We performed B3PW and B3LYP computations for BTO, CTO, PTO, STO, BZO, CZO, PZO and SZO perovskite neutral (001) along with polar (011) and (111) surfaces. For the neutral AO- as well as BO₂-terminated (001) surfaces, in most cases, all upper-layer atoms relax inwards, although the second-layer atoms shift outwards. There are only three exceptions to this systematic trend (Table 4 and Table 5). Namely, upward relaxation of TiO₂-terminated PTO (001) surface upper-layer O atom by (+0.31% of a₀) (Table 5). On the (001) BO₂-terminated surface, the second-layer metal atoms, as a rule, exhibit larger atomic relaxations than the second-layer O atoms. For most ABO₃ perovskites, the (001) surface rumpling s is bigger for the AO- than BO₂-terminated surfaces. In contrast, the surface energies, for both (001) terminations, are practically identical. Nevertheless, for the BTO, PTO and PZO perovskites, the BO₂-terminated (001) surface has a slightly smaller surface energy, and therefore, it is more stable. In contrast, for CTO, STO, CZO and SZO perovskites, the AO-terminated (001) surface has a slightly smaller surface energy, and therefore, it is slightly more stable. Conversely, different (011) surface terminations exhibit quite different surface energies for the O-terminated, A-terminated, and BO-terminated surfaces. Our computed ABO₃ perovskite (111) surface energies are always significantly larger than the neutral (001) and polar (011) surface energies. Our computed ABO₃ perovskite bulk B-O chemical bond covalency increase near their neutral (001) and especially polar (011) surfaces.
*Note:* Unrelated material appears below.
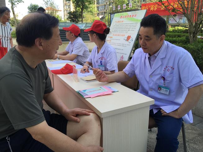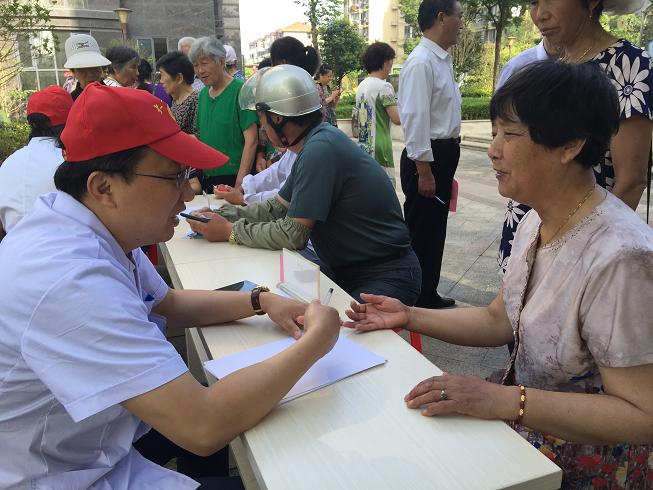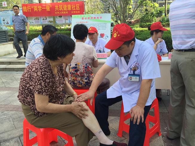 为进一步践行“两学一做”学习教育工作部署,充分发挥党员的先锋模范作用,我院积极开展“进社区义诊”活动。7月16日上午,院纪检书记杨祯洁带领由心内科、消化内科、内分泌科、疼痛康复科等科室组成的志愿者医疗服务队,走进大华社区进行“践行两学一做,共筑健康社区”为主题的义诊、健康咨询活动。参加本次活动的志愿者大多数为医院的在职党员。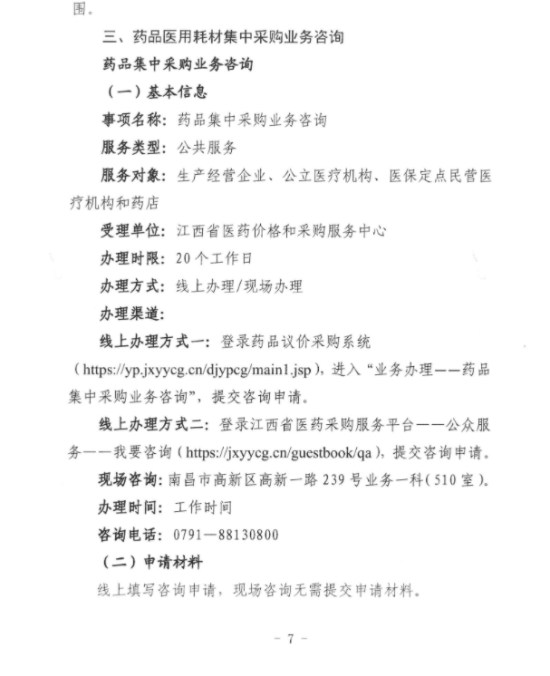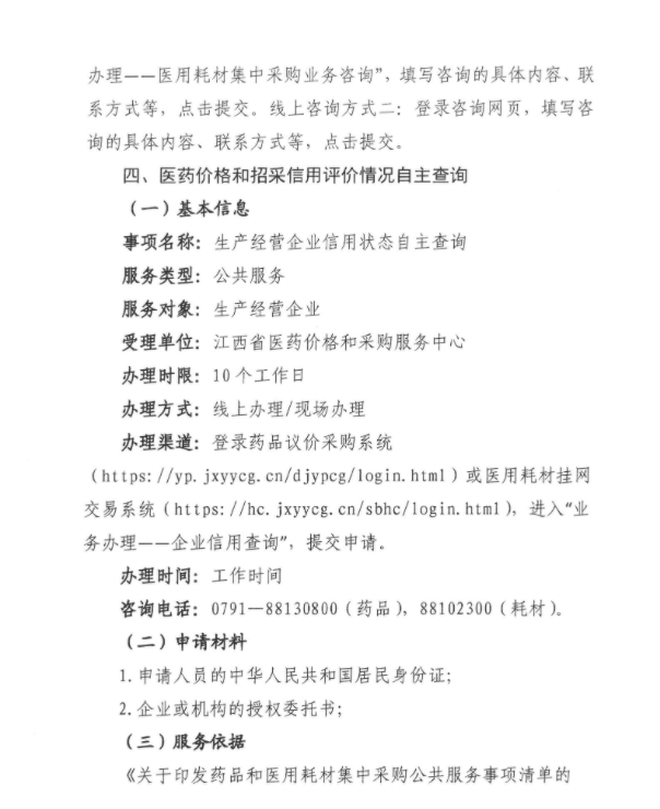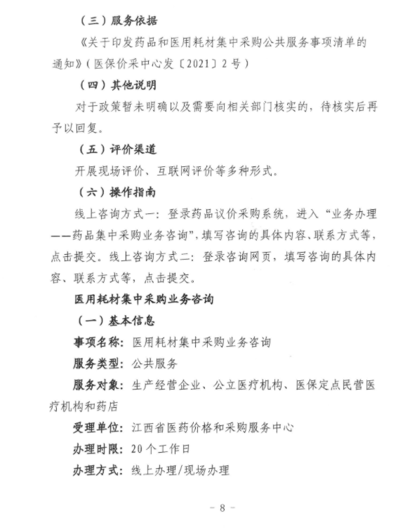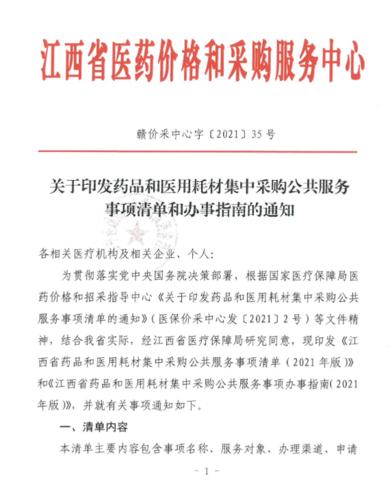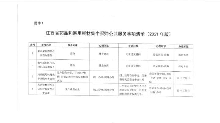 【江西】江西省关于印发药品和医用耗材集中采购公共服务事项清单和办事指南的通知

It is worth noting that for the (011) surfaces, in the plane B(I)-O(I) chemical bond population for all eight of our computed ABO₃ perovskites is in the range of 0.128e for the CTO perovskite to 0.152e for the BZO perovskite (Table 13 and Figure 24). Finally, as we can see from Table 13 and Figure 24, the ultimately largest B-O chemical bond population, according to our B3LYP or B3PW computations for eight ABO₃ perovskites, is for the BO-terminated (011) surface B(I)-O(II) chemical bond population, in the direction perpendicular to the BO-terminated (011) surface. It is in the range of 0.186e for the CTO perovskite to 0.252e for the PZO and BZO perovskites (Figure 24 and Table 13).